DEEPEND students, researchers, and collaborators participating in a recent Deep Sea Benefits research cruise in the Gulf of Mexico. From Left: Jane Carrick (PhD student, URI), Nina Ramos (PhD student, FIU), Natalie Howard (PhD student, FAU), Dr. Heather Judkins (USF), Bianca Ruiz (MS student, NSU), Sidney Trimble, MS (Research Tech, NSU)

 

One of DEEPEND's greatest success stories to date is the training of graduate students as they complete master's and doctoral programs.
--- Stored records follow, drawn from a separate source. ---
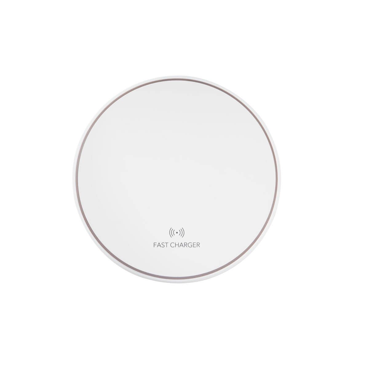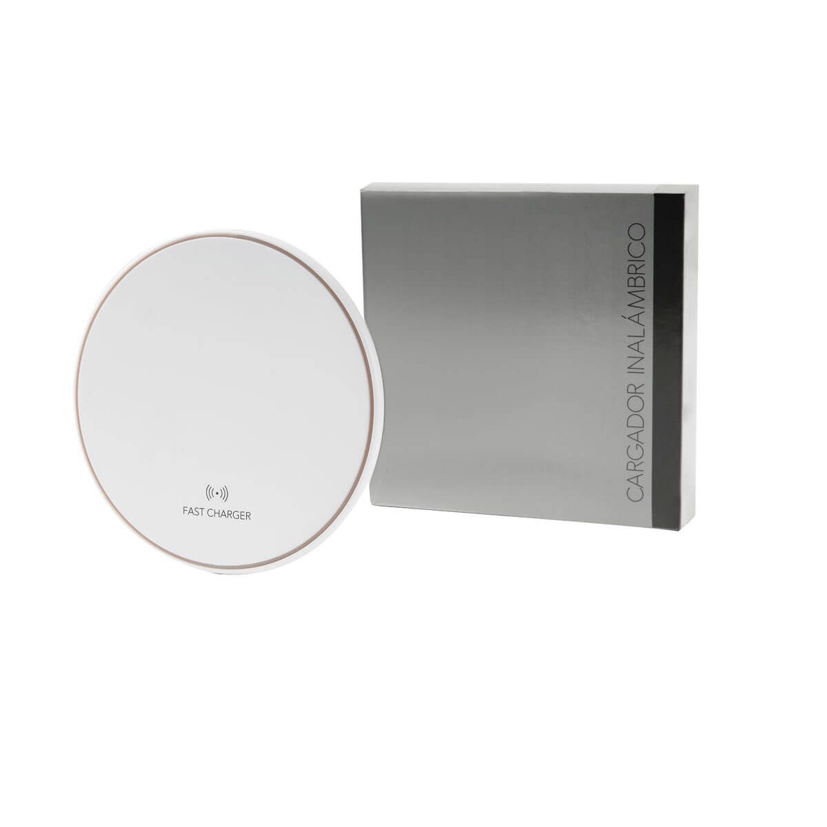 Cargador inalámbrico "fast charge". Velocidad máxima de carga 15W. Compatible con tecnología de carga inalámbrica tipo Qi. Se enciende luz color verde cuando está en reposo y luz color azul cuando está en proceso de carga. Incluye cable auxiliar tipo C y caja individual.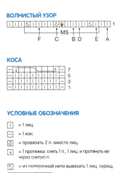 Полочка: кромочная, 2 лиц., из поперечной вывязываем 1 лиц. скрещенную, *1 лиц., из поперечной вывязываем 1 лиц. скрещенную, 4 лиц., 1 протяжка, 2 вместе лиц., 4 лиц., из поперечной вывязываем 1 лиц. скрещенную* - то, что между звездочками вяжешь 3 раза, далее 3 лиц., кромочная.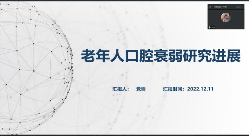 党雪同学分享的文献为《老年人口腔衰弱研究进展》,文章从口腔衰弱的概念、评估工具、影响等方面对口腔衰弱进行综述,以期推动老年人口腔衰弱的研究,增强医护人员对老年人口腔衰弱的认识,为进一步探究老年人口腔衰弱奠定基础,促进健康老龄化的实现。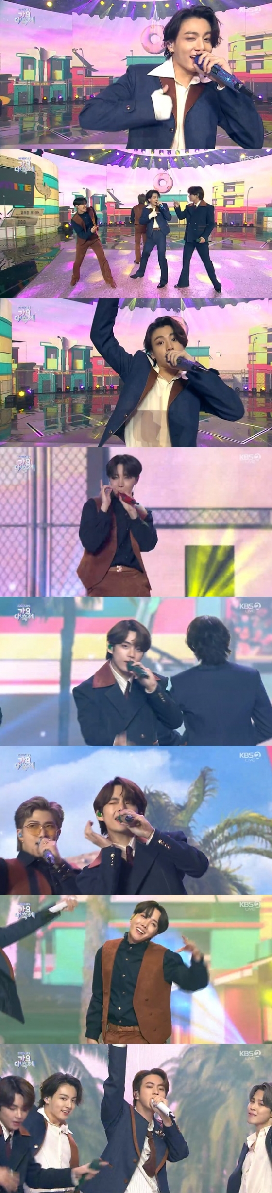 가장 관심을 끈 것은 월드스타 방탄소년단의 무대였다. 이날 방탄소년단의 무대에는 어깨 수술로 함께 하지 못한 슈가를 제외한 멤버들이 함께 했다.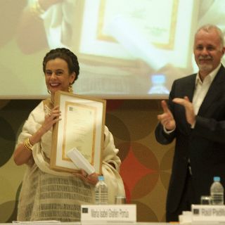 Con la presencia de Marco Antonio Cortés Guardado, rector de la Universidad de Guadalajara (UdeG); Raúl Padilla López, presidente de la FIL; Jaime Genaro Cuadriello, académico de la Universidad Nacional Autónoma de México (UNAM); Sergio López Ruedas, coordinador académico de la UdeG, y Nubia Macías, directora general de la FIL, María Isabel fue reconocida por sus aportaciones a la promoción de la lectura nacional.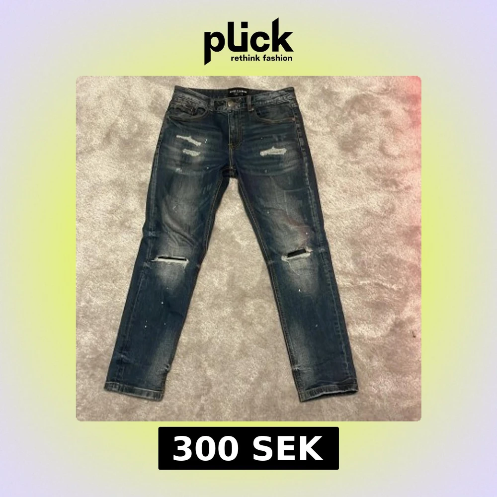 Snygga blå jeans från Supply & Demand med slitna detaljer och dragkedja. Perfekt för en avslappnad stil. Midjan är låg och passformen är tight. Passar perfekt till den som är 170-176. W28 L30

DEEPEND research has supported 80 graduate students over the years (17 PhD, 63 MS) which has (to date) resulted in 33 publications with students as first authors. We would like to congratulate our recent graduates, highlight the work of current students, and welcome new students that have started this Fall! You can read more about the research of our current students here and our former students here.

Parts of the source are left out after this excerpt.